Retype the listing exactly. Leave out the images.

§ **RECORDED DATA**:

************

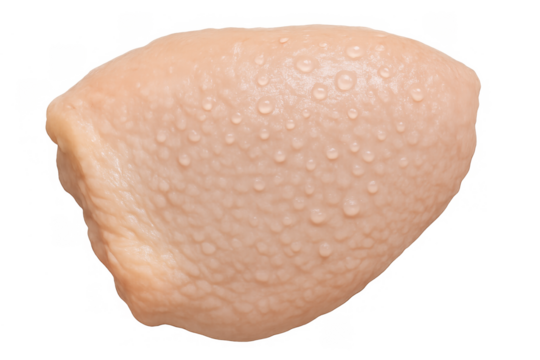 Fresh raw chicken fillet with skin and water droplets, visible texture on transparent background, preparing healthy meal
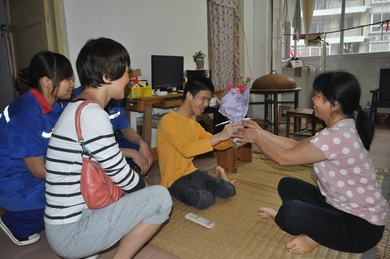 當天,梧州日報社團委、中石化梧州石油分公司團委、大塘街道辦事處團工委和豐業社區的志愿者來到梁琪位于豐業花園的家中,協助他圓了在母親節送禮物給媽媽的夢想。
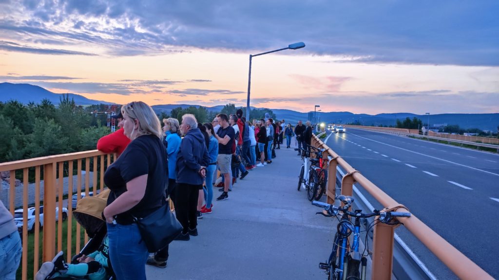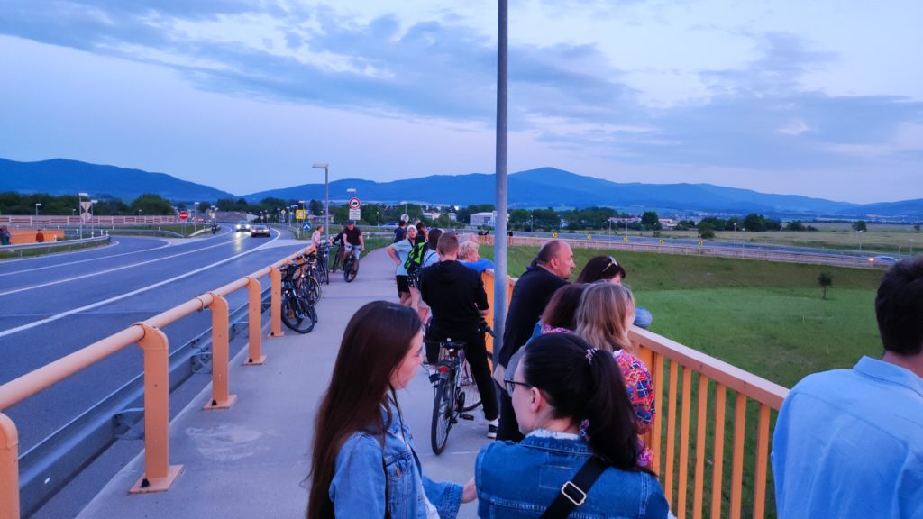 Koncert sledujú aj ľudia z mosta pri Nozdrkovciach.
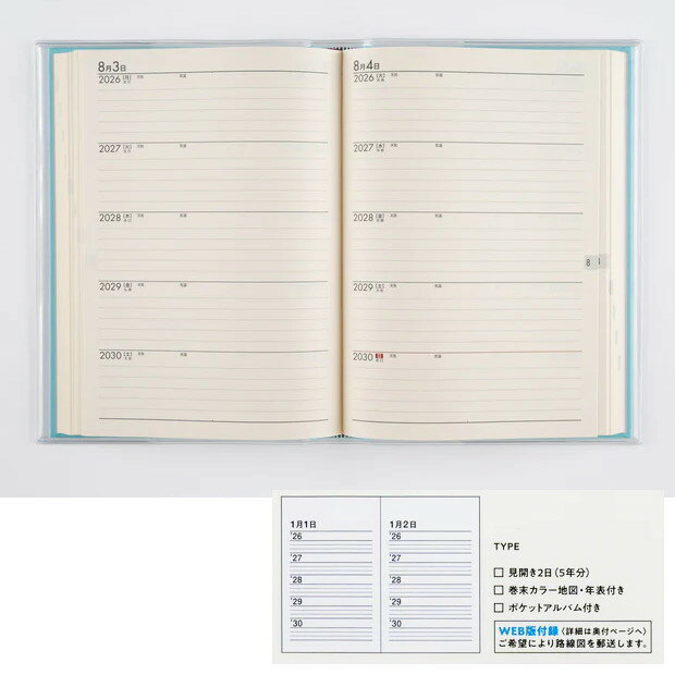 5年横線当用新日記 (品番 No.22) サイズ 約)縦216×横153 背幅24mm 約)685g 用紙サイズ:A5判(210×148mm) 2026年1月始まり日付入、透明ビニールカバー、432頁 ヨコ書き・1ページ1日5年分(各種行事や記念日のほか、旧暦も掲載) 掲載期間 日付頁記載欄:2026年1月1日〜2030年12月31日 メーカー (株)高橋書店 ※店頭及び他のモールと在庫を共有しておりますので、掲載中の商品でも欠品の 場合がございますのであらかじめご了承ください。 お急ぎの場合はメールで在庫の問い合わせをお願い致します。5年間の記録を一目で比較!シンプルなA5連用日記帳 「日々の出来事や記録を5年間分比較したい、シンプルで明るい紙面の連用ダイアリーが欲しい」 この高橋書店 5年横線当用新日記は、2026年〜2030年の5年間に対応した、 シンプルな装丁と明るい紙面が特徴のA5サイズの五年日記です。 【3つの魅力】 1. 5年間の記録を一目で比較 1ページ1日5年分のヨコ書き形式で、毎年同じ日の記録を並べて見ることができます。 日々の変化や成長を実感できる長期記録に最適です。 2. シンプルで使いやすい仕様 2026年1月始まり日付入りなので、令和7年1月始まりとしてすぐに使えます。 各種行事や記念日のほか、旧暦も掲載されており、生活に役立ちます。 3. 丈夫で安心のカバー 透明ビニールカバーが付いているため、汚れや水濡れから表紙を守り、 5年間の長期保存をサポートします。 【この商品がおすすめな方】 5年連用で日記をつけたい方、長期的な記録を残したい方。 高橋書店の定番である横線当用新日記を求めている方。 A5サイズの日付入りで、ネコポス便対応(※規定サイズ内)のシンプルなダイアリーを探している方。 【商品情報】 項目 詳細 商品名 5年横線当用新日記 品番 No.22 メーカー (株)高橋書店 掲載期間 2026年1月1日〜2030年12月31日(5年間) サイズ A5判(縦216×横153mm、432頁) 仕様 5年連用、ヨコ書き、1ページ1日5年分、日付入り、透明ビニールカバー 特徴 各種行事や旧暦も掲載、シンプルな装丁、ライトブルー表紙

************

§ **RESULT BELOW**:
 Fresh raw chicken fillet with skin and water droplets, visible texture on transparent background, preparing healthy meal
 當天,梧州日報社團委、中石化梧州石油分公司團委、大塘街道辦事處團工委和豐業社區的志愿者來到梁琪位于豐業花園的家中,協助他圓了在母親節送禮物給媽媽的夢想。
 Koncert sledujú aj ľudia z mosta pri Nozdrkovciach.
 5年横線当用新日記 (品番 No.22) サイズ 約)縦216×横153 背幅24mm 約)685g 用紙サイズ:A5判(210×148mm) 2026年1月始まり日付入、透明ビニールカバー、432頁 ヨコ書き・1ページ1日5年分(各種行事や記念日のほか、旧暦も掲載) 掲載期間 日付頁記載欄:2026年1月1日〜2030年12月31日 メーカー (株)高橋書店 ※店頭及び他のモールと在庫を共有しておりますので、掲載中の商品でも欠品の 場合がございますのであらかじめご了承ください。 お急ぎの場合はメールで在庫の問い合わせをお願い致します。5年間の記録を一目で比較!シンプルなA5連用日記帳 「日々の出来事や記録を5年間分比較したい、シンプルで明るい紙面の連用ダイアリーが欲しい」 この高橋書店 5年横線当用新日記は、2026年〜2030年の5年間に対応した、 シンプルな装丁と明るい紙面が特徴のA5サイズの五年日記です。 【3つの魅力】 1. 5年間の記録を一目で比較 1ページ1日5年分のヨコ書き形式で、毎年同じ日の記録を並べて見ることができます。 日々の変化や成長を実感できる長期記録に最適です。 2. シンプルで使いやすい仕様 2026年1月始まり日付入りなので、令和7年1月始まりとしてすぐに使えます。 各種行事や記念日のほか、旧暦も掲載されており、生活に役立ちます。 3. 丈夫で安心のカバー 透明ビニールカバーが付いているため、汚れや水濡れから表紙を守り、 5年間の長期保存をサポートします。 【この商品がおすすめな方】 5年連用で日記をつけたい方、長期的な記録を残したい方。 高橋書店の定番である横線当用新日記を求めている方。 A5サイズの日付入りで、ネコポス便対応(※規定サイズ内)のシンプルなダイアリーを探している方。 【商品情報】 項目 詳細 商品名 5年横線当用新日記 品番 No.22 メーカー (株)高橋書店 掲載期間 2026年1月1日〜2030年12月31日(5年間) サイズ A5判(縦216×横153mm、432頁) 仕様 5年連用、ヨコ書き、1ページ1日5年分、日付入り、透明ビニールカバー 特徴 各種行事や旧暦も掲載、シンプルな装丁、ライトブルー表紙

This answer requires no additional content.